12 Balls , prove you have to put 4 balls on each side in order to find odd ball is 3 times

Question

You have twelve (12) balls and a set of balance scales.

One (1) of the balls is a different weight to the other eleven (11) balls.

You are allowed to use the balance scales three (3) times.

You need to determine which ball is the “odd one out” and whether it is heavier or lighter than the other balls.

this is the solution for 4 balls.

how can I prove with a decision tree that if I dont start with 4 balls on each side ; I cant find the odd ball in 3 times? should I show the worst case of weighing 1&1 /2&2 ..../6&6 balls in first time?

Answer 1

If you don't choose to break up the 12 balls into 3 sets of 4, then one of the sets will have at least 5 balls in it.

Suppose the heavy ball is in the set of 5 or more. It's impossible to deduce which of those balls is heavy by only using the scale twice.

Answer 2

Use the scale once to know "<", "=" or ">", then we can get one trit of information.

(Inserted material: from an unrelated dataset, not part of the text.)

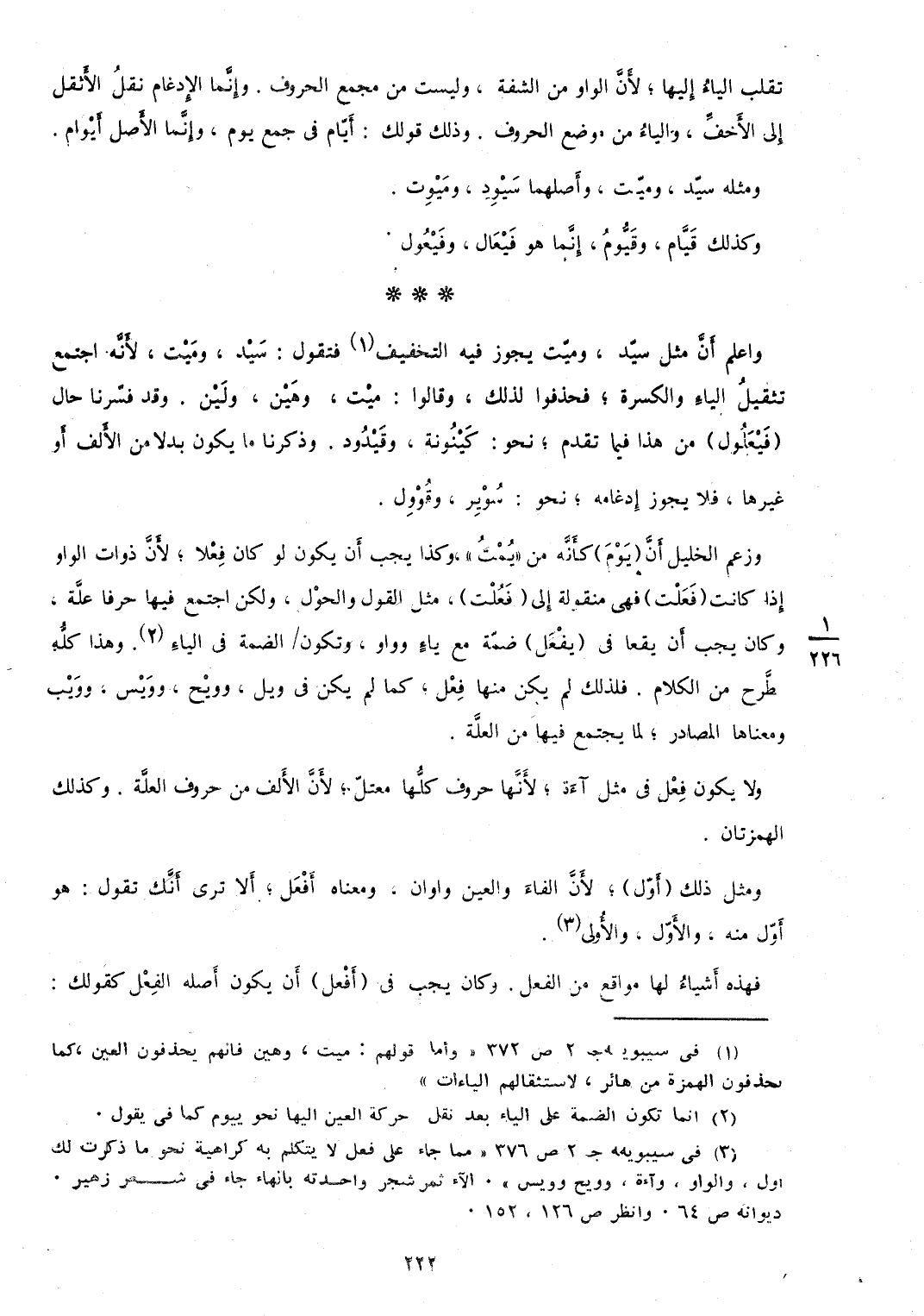 تقلب الياءُ إِليها لأَنَّ الْوَاو من الشّفة وَلَيْسَت من مجمع الْحُرُوف وإِنَّما الإِدغام نقلُ الأَثقل إِلى الأَخف والياءُ من مَوضِع الْحُرُوف وَذَلِكَ قَوْلك أَيّام فِي جمع يَوْم وإِنَّما الأَصل أَيْوام وَمثله سيّد وميّت وأَصلهما سَيْوِد ومَيْوِت وَكَذَلِكَ قَيَّام وقَيُّومُ إِنَّما هُوَ فَيْعَال وفَيْعُول وَاعْلَم أَنَّ مثل سيّد وميّت يجوز فِيهِ التَّخْفِيف فَتَقول سَيْد ومَيْت لأَنَّه اجْتمع تثقيل الياءِ والكسرة فحذفوا لذَلِك وَقَالُوا ميْت وهيْن ولَيْن وَقد فسّرنا حَال (فَيْعَلُول) من هَذَا فِيمَا تقدم نَحْو كَيْنُونة وقَيْدُود وَذكرنَا مَا يكون بَدَلا من الأَلف أَو غَيرهَا فَلَا يجوز إِدغامه نَحْو سُوِيْر وقُوْوِل وَزعم الْخَلِيل أَنَّ (يَوْمَ) كأَنَّه من " يُمْتُ " وَكَذَا يجب أَن يكون لَو كَانَ فِعْلا لأَنَّ ذَوَات الْوَاو إِذا كَانَت (فَعَلْت) فَهِيَ منقولة إِلى (فَعُلْت) مثل القَوْل والحوْل وَلَكِن اجْتمع فِيهَا حرفا علَّة وَكَانَ يجب أَن يقعا فِي (يفْعَل) ضمّة مَعَ ياءٍ وواو وَتَكون / الضمة فِي الياءِ وَهَذَا كلُّه مطَّرح من الْكَلَام فَلذَلِك لم يكن مِنْهَا فِعْل كَمَا لم يكن فِي ويل وويْح ووَيْس ووَيْب وَمَعْنَاهَا المصادر لما يجْتَمع فِيهَا من العلَّة وَلَا يكون فِعْل فِي مثل آءَة لأَنَّها حُرُوف كلُّها معتلّ لأَنَّ الأَلف من حُرُوف العلَّة وَكَذَلِكَ الهمزتان وَمثل ذَلِك (أَوّل) لأَنَّ الفاءَ وَالْعين واوان وَمَعْنَاهُ أَفْعَل أَلا ترى أَنَّك تَقول هُوَ أَوّل مِنْهُ والأَوّل والأُولى فَهَذِهِ أَشياءُ لَهَا مواقع من الْفِعْل وَكَانَ يجب فِي (أَفْعل) أَن يكون أَصله الفِعْل كَقَوْلِك
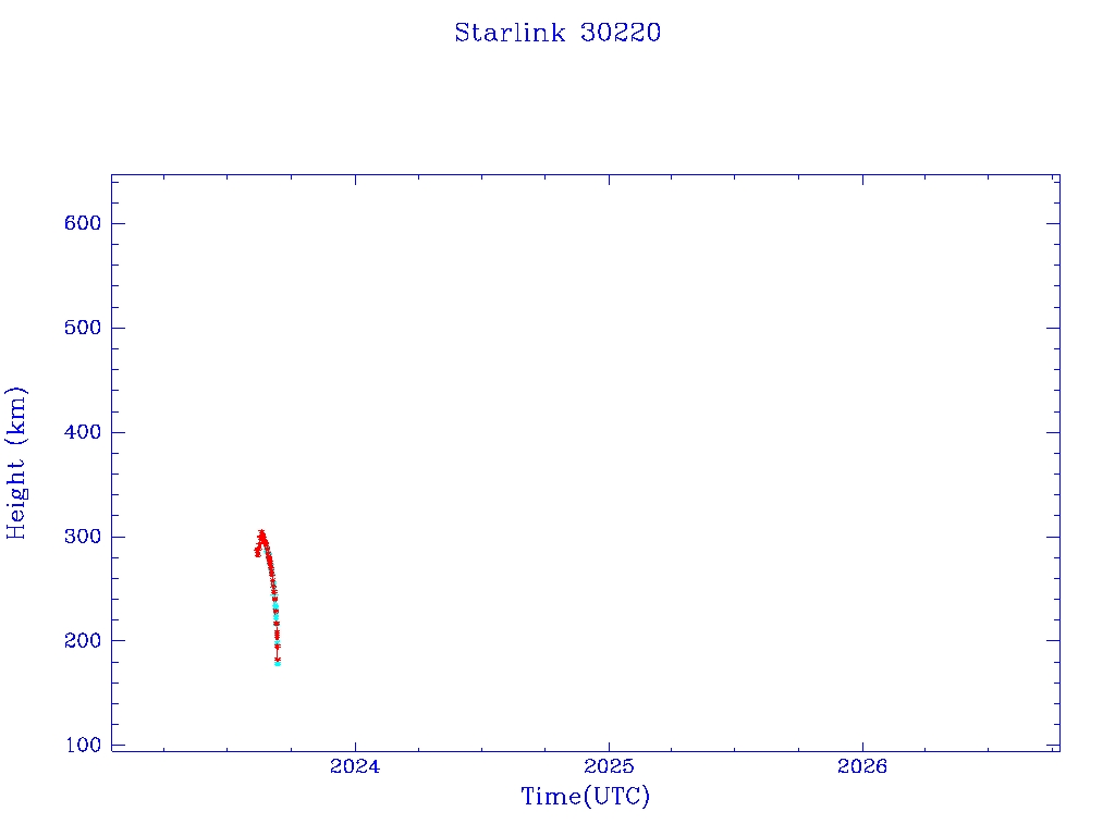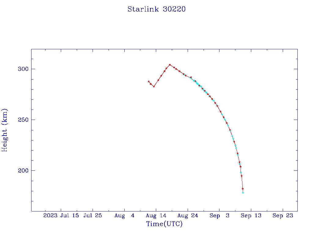| Starlink 30220 | S57619 | F | 2023 Aug 11 | 2023 Aug 18 | 2023 Sep 10 |  |  |  |

To find out 1 odd ball (heavier or lighter) within 12 balls, we should pick one from 24 cases (1L, 1H, 2L, 2H, ..., 12L, 12H). This problem contains less than 3 trits of information ($24<3^3$), so it is possible to solve by using the scale three times. The solution is mentioned in the original question:

In the first step of this solution, we use the scale with 4 balls in each side, then we can divide 24 cases into 3 sub problems: each with 8 cases for "<", "=" and ">" respectively. Each sub problem contains less than 2 trits of information ($8<3^2$), so it is possible to solve by 2 times.

This is the unique way, because any other ways (divide 24 cases into 3 groups) get at lease one group more than $3^2=9$ cases. For example:

• put 6 balls on each side, then we can get only "<" and ">" (1 bit but not 1 trit of information), i.e. divide into 12 + 12;
• put 5 balls on each side, then we can divide into 10 + 10 + 4;
• put 3 balls on each side, then we can divide into 6 + 6 + 12;
• ...

Interestingly, it is impossible to find out 1 odd ball (heavier or lighter) within 4 balls by using scale twice, although there are 8 cases containing less than 2 trit of information. (Refer right "=" branch of the above figure.)